Wednesday 1 January 2014

How Alibaba and Tencent went head-to-head in 2013

Rooster fight

What to look out for in 2014

Over the past few months it’s become clear that Tencent and Alibaba are butting heads over who will get access to Chinese consumers’ wallets. Alibaba has access to the de-facto channels of consumer purchases – namely, Tmall and Taobao. But Tencent has users’ attention with WeChat.
A high-profile catfight emerged in late 2013 between the two tech giants. It began when Alibaba revoked the Taobao search feature , which was an add-on service rolled out earlier in the year, from WeChat days before the v5.0 update, along with other WeChat channels on its e-commerce sites. Tencent later retaliated by blocking Laiwang invites on WeChat. Even Sina Weibo was dragged into the mess briefly when it temporarily suspended content sharing on WeChat, though the feature was brought back quickly. According to a report from Barron's of the 20th December 2013,  "Wedge Partners analyst Juan Lin thinks Sina is doing so only because users are losing interest in Weibo:
We think Weibo reopened the content sharing function to Wechat due to the pressure for Weibo to grow traffic. Due to the lowered quality of Weibo content and competition, Weibo platform is no longer as attractive to users as the primary social platform. The real competition, however, is between Tencent and Alibaba.

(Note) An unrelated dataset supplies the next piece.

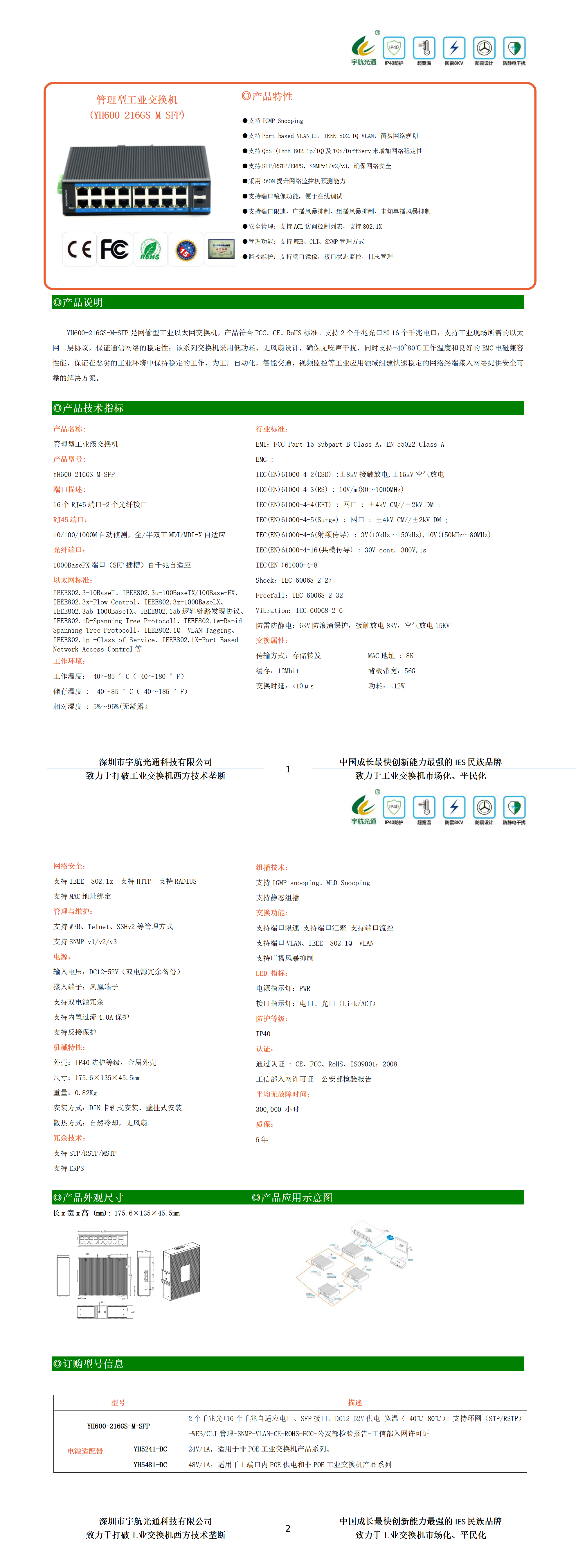 YH600-216GS-M-SFP是網(wǎng)管型工業(yè)以太網(wǎng)交換機(jī),產(chǎn)品符合FCC、CE、RoHS標(biāo)準(zhǔn)。支持2個(gè)千兆光口和16個(gè)千兆電口;支持工業(yè)現(xiàn)場所需的以太網(wǎng)二層協(xié)議,保證通信網(wǎng)絡(luò)的穩(wěn)定性;該系列交換機(jī)采用低功耗、無風(fēng)扇設(shè)計(jì),確保無噪聲干擾,同時(shí)支持-40~80℃工作溫度和良好的EMC電磁兼容性能,保證在惡劣的工業(yè)環(huán)境中保持穩(wěn)定的工作,為工廠自動(dòng)化,智能交通,視頻監(jiān)控等工業(yè)應(yīng)用領(lǐng)域組建快速穩(wěn)定的網(wǎng)絡(luò)終端接入網(wǎng)絡(luò)提供安全可靠的解決方案。

Increasing number of Taobao merchants now use Wechat as a new marketing channel, and more and more Wechat users are now making purchases on Taobao’s mobile app directly, through the links shared in Wechat.

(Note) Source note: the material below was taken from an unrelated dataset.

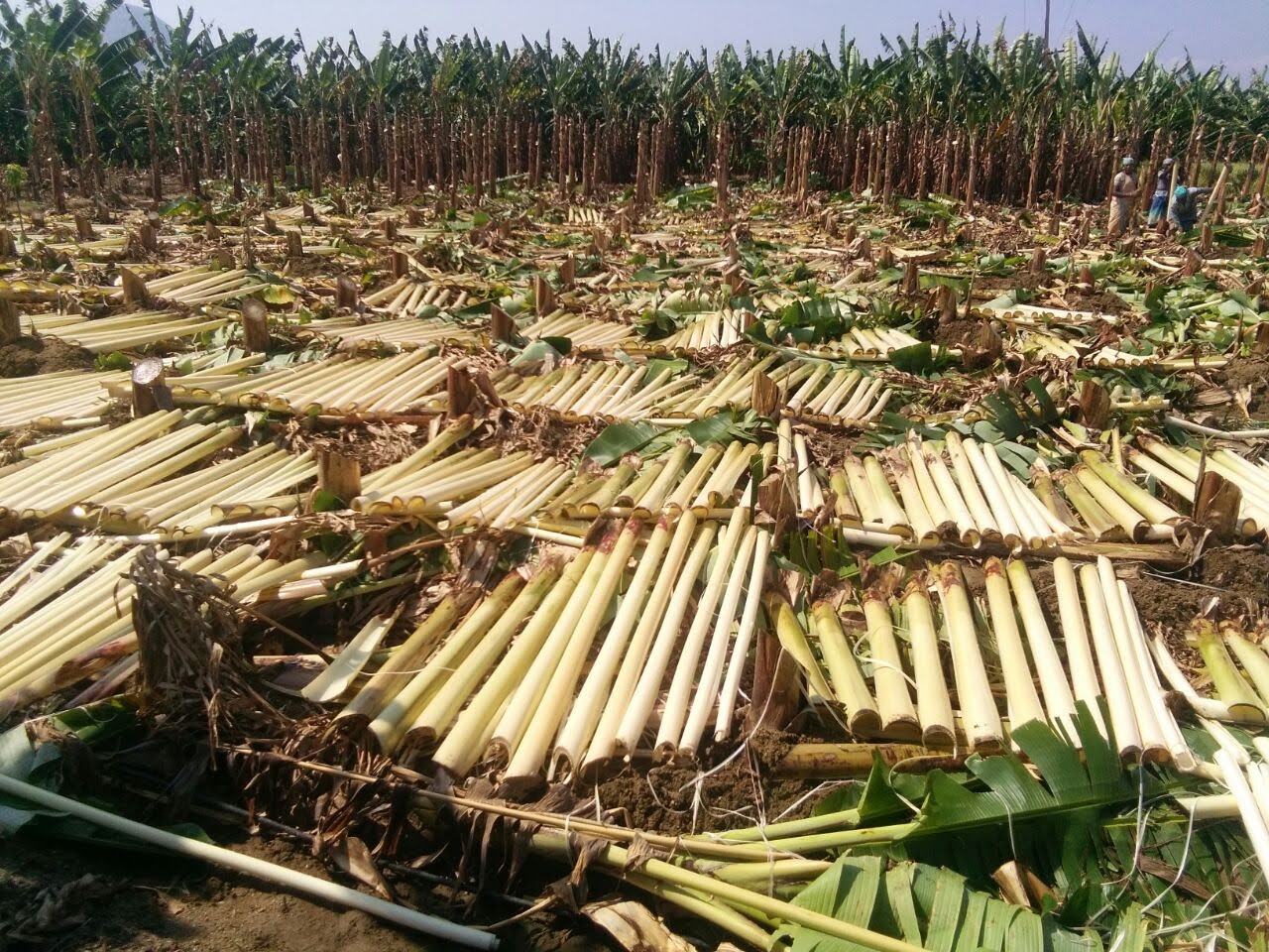 The banana fiber originates from the Philippines, sourced from the Abaca banana plant, considered a weed in the region. To maintain biodiversity, these plants must be cut down, making it beneficial to repurpose this waste material into our fabric.

Users can make direct payments on Wechat through Tencent’s own payment tool Tenpay.
With the high penetration of Wechat (over 600 million users), Tencent may once again directly compete against Alibaba with its existing ecommerce business.
It’s worth noting that although Tencent and Alibaba have clashed over e-commerce, WeChat’s still in the early stages of its monetization, and it’s not yet crystal clear how it big its influence over m-commerce will be.

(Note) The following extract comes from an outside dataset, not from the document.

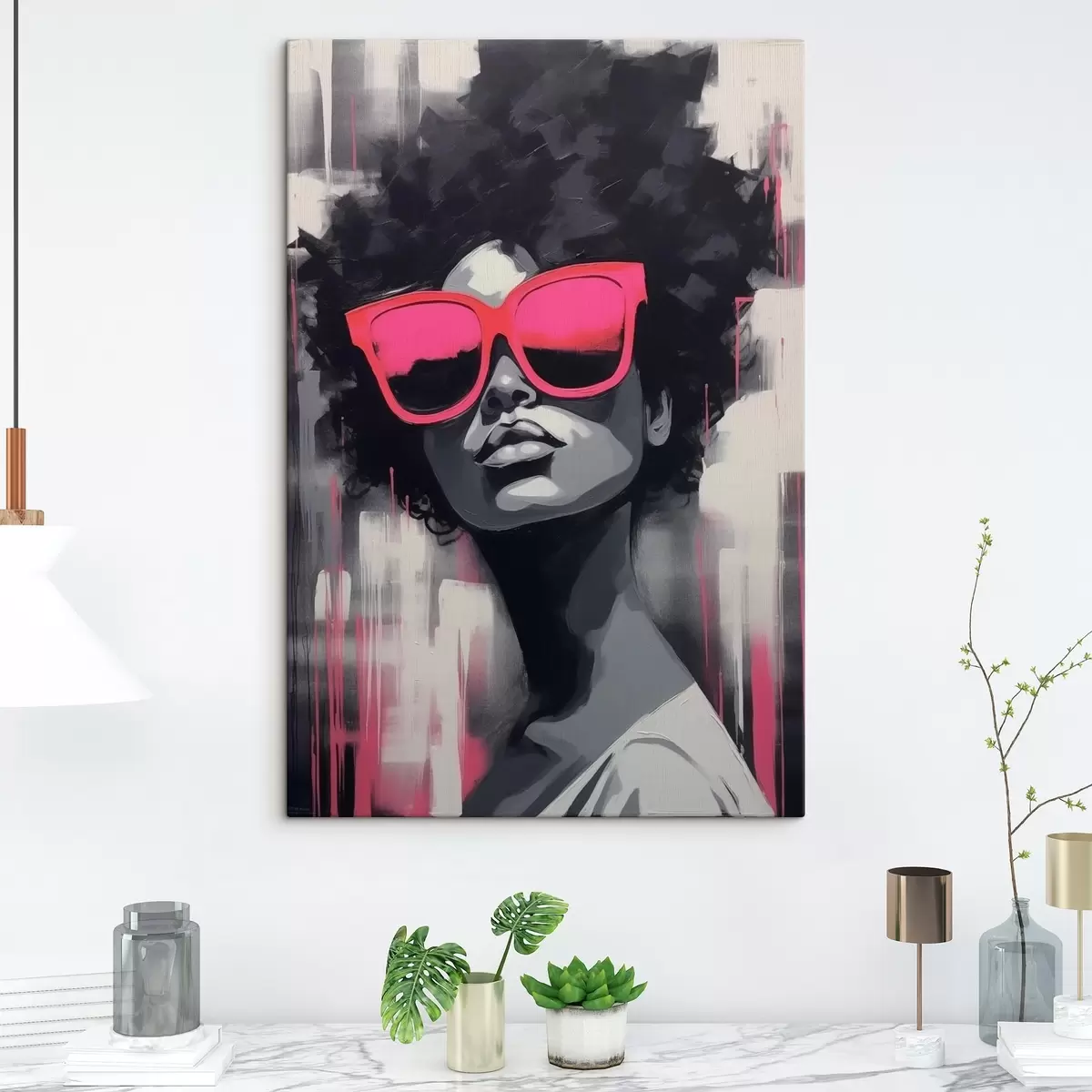 Schilderij Meisje met roze bril, zwart-witte stijl Art. s44624

Meanwhile, Alibaba remains the uncontested master of all-things e-commerce in China, and for the time being, m-commerce as well. It brought inover $5 billion in sales revenues  in a single day in November on China’s equivalent of Cyber Monday,21 percent of which came through purchases made on mobile devices.
As for what will come next year, expect Tencent to throw in even more features on WeChat that drive revenues – more games, more shopping, more paid app upgrades, and more online-to-offline payments via QR codes. Expect Alibaba to develop its Alipay Wallet mobile app by adding more offline payment options, and perhaps by adding some social features. 2014 and 2015 will be pivotal years for these two firms as WeChat tightens its grip over users’ mobile habits, and Alibaba tries to find ways to avoid getting losing revenues in the process.